Examples of using Perl to augment NASM and vice versa
This is probably one of the things that should never be allowed to exist, but why not use Perl and its capabilities to inline foreign code, to FAFO with assembly without a build system? Everything in a single file! In the process one may find ways to use Perl to enhance NASM and vice versa. But for now, I make no such claims : I am just using the perlAssembly git repo to illustrate how one can use Perl to drive (and learn to code!) assembly programs from a single file.
Simple integer addition in Perl - this is the Hello World version of this git repo
Explore multiple equivalent ways to add large arrays of short integers (-100 to 100 in this implementat) in Perl:
Scenarios w_alloc : allocate memory for each iteration to test the speed of pack, those marked as wo_alloc, use a pre-computed data structure to pass the array to the underlying code.
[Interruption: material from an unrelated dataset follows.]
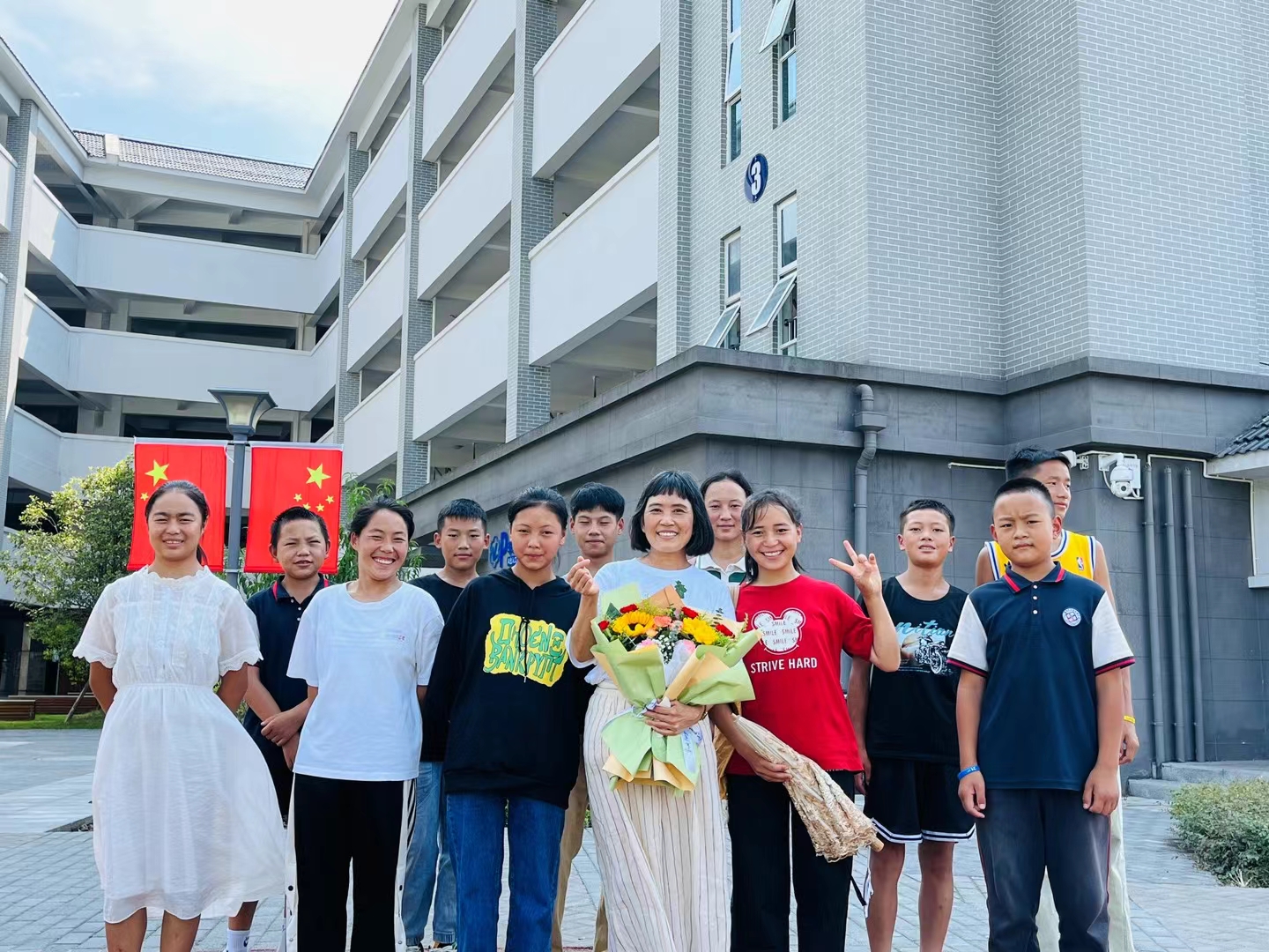 去年我在學(xué)校與國旗合影,

Benchmarks of the first scenario give the true cost of offloading summation to of a Perl array to a given function when the source data are in Perl. Timing the second scenario benchmarks speed of the underlying implementation.
The script illustrates
Those were obtained on the i7 with the following topology
And here are the timings!
mean | median | stddev | |
---|---|---|---|
ASM_blank | 2.3e-06 | 2.0e-06 | 1.1e-06 |
ASM_doubles_AVX_w_alloc | 3.6e-03 | 3.5e-03 | 4.2e-04 |
ASM_doubles_AVX_wo_alloc | 3.0e-04 | 2.9e-04 | 2.7e-05 |
ASM_doubles_w_alloc | 4.3e-03 | 4.1e-03 | 4.5e-04 |
ASM_doubles_wo_alloc | 8.9e-04 | 8.7e-04 | 3.0e-05 |
ASM_w_alloc | 4.3e-03 | 4.2e-03 | 4.5e-04 |
ASM_wo_alloc | 9.2e-04 | 9.1e-04 | 4.1e-05 |
ForLoop | 1.9e-02 | 1.9e-02 | 2.6e-04 |
ListUtil | 4.5e-03 | 4.5e-03 | 1.4e-04 |
PDL_w_alloc | 2.1e-02 | 2.1e-02 | 6.7e-04 |
PDL_wo_alloc | 9.2e-04 | 9.0e-04 | 3.9e-05 |
Let's say we wanted to do this toy experiment in pure C (using Inline::C of course!) This code obtains the integers as a packed "string" of doubles and forms the sum in C
double sum_array_C(char *array_in, size_t length) {
double sum = 0.0;
double * array = (double *) array_in;
for (size_t i = 0; i < length; i++) {
sum += array[i];
}
return sum;
}
Here are the timing results:
mean | median | stddev | |
---|---|---|---|
C_doubles_w_alloc | 4.1e-03 | 4.1e-03 | 2.3e-04 |
C_doubles_wo_alloc | 9.0e-04 | 8.7e-04 | 4.6e-05 |
What if we used SIMD directives and parallel loop constructs in OpenMP? This was done in the file addArrayOfIntegers_C.pl. All three combinations were tested, i.e. SIMD directives alone (the C equivalent of the AVX code), OpenMP parallel loop threads and SIMD+OpenMP. Here are the timings!
mean | median | stddev | |
---|---|---|---|
C_OMP_w_alloc | 4.0e-03 | 3.7e-03 | 1.4e-03 |
C_OMP_wo_alloc | 3.1e-04 | 2.3e-04 | 9.5e-04 |
C_SIMD_OMP_w_alloc | 4.0e-03 | 3.8e-03 | 8.6e-04 |
C_SIMD_OMP_wo_alloc | 3.1e-04 | 2.5e-04 | 8.5e-04 |
C_SIMD_w_alloc | 4.1e-03 | 4.0e-03 | 2.4e-04 |
C_SIMD_wo_alloc | 5.0e-04 | 5.0e-04 | 8.9e-05 |
The code here is NOT meant to be portable. I code in Linux and in x86-64, so if you are looking into Window's ABI or ARM, you will be disappointed. But as my knowledge of ARM assembly grows, I intend to rewrite some examples in Arm assembly!